::: GIVEN ENTRIES

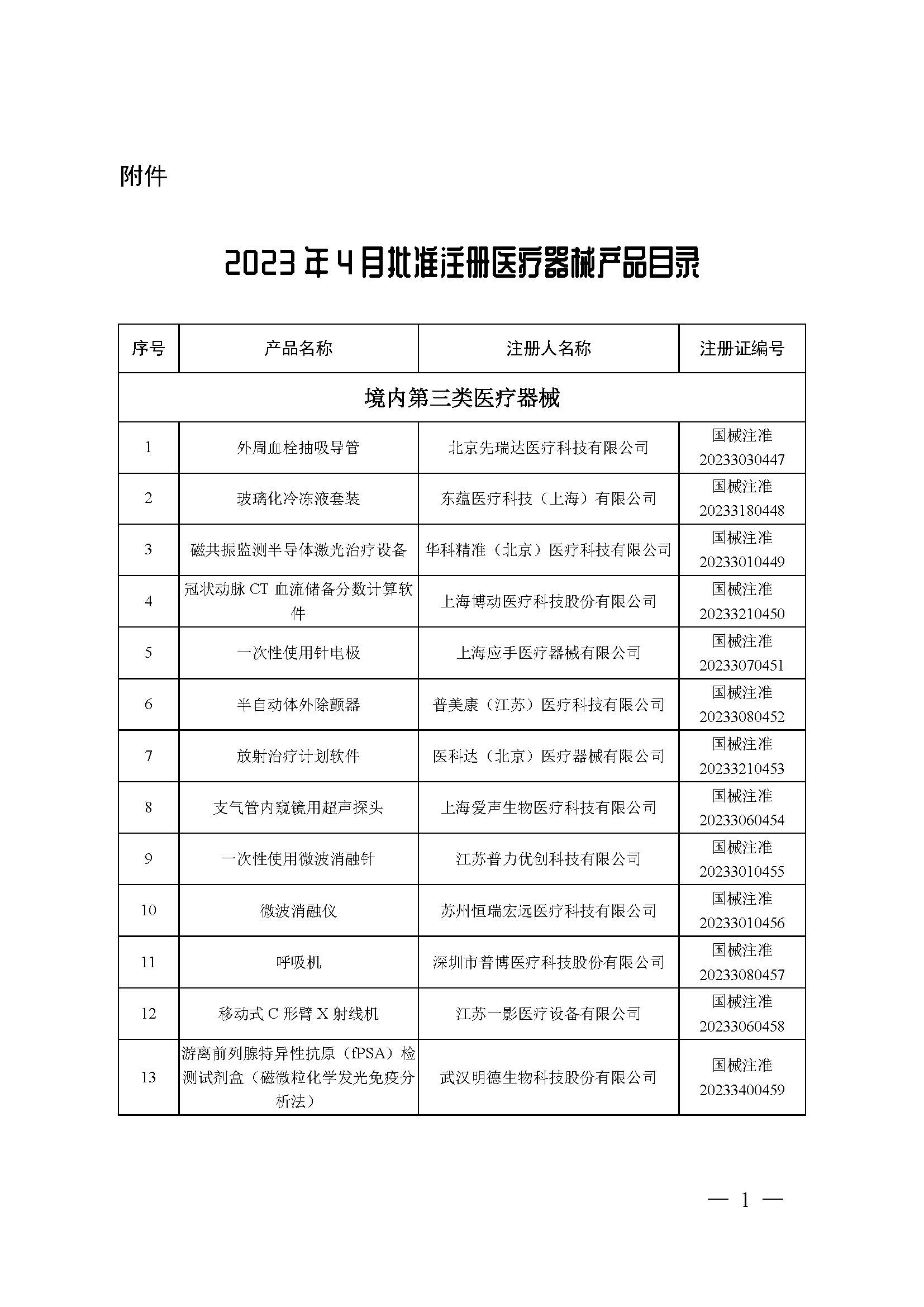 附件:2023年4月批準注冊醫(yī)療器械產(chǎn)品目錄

::::::
::: GIVEN ENTRIES

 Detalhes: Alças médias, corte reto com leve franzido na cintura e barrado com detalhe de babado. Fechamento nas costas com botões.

::::::
::: GIVEN ENTRIES

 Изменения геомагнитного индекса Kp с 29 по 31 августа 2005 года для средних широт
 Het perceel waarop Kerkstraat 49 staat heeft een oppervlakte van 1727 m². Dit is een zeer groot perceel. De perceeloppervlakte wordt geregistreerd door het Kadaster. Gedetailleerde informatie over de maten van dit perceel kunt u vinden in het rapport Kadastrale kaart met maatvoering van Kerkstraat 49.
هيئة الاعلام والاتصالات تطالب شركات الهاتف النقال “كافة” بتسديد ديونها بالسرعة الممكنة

::::::

WHAT YOU ARE ASKED TO DO → Retype word for word everything in the listing above from the line that holds "Изменения геомагнитного индекса" down to the line that holds "هيئة الاعلام والاتصالات". Keep both end lines and leave out the rest.

SOLUTION TO THIS PROBLEM →
 Изменения геомагнитного индекса Kp с 29 по 31 августа 2005 года для средних широт
 Het perceel waarop Kerkstraat 49 staat heeft een oppervlakte van 1727 m². Dit is een zeer groot perceel. De perceeloppervlakte wordt geregistreerd door het Kadaster. Gedetailleerde informatie over de maten van dit perceel kunt u vinden in het rapport Kadastrale kaart met maatvoering van Kerkstraat 49.
هيئة الاعلام والاتصالات تطالب شركات الهاتف النقال “كافة” بتسديد ديونها بالسرعة الممكنة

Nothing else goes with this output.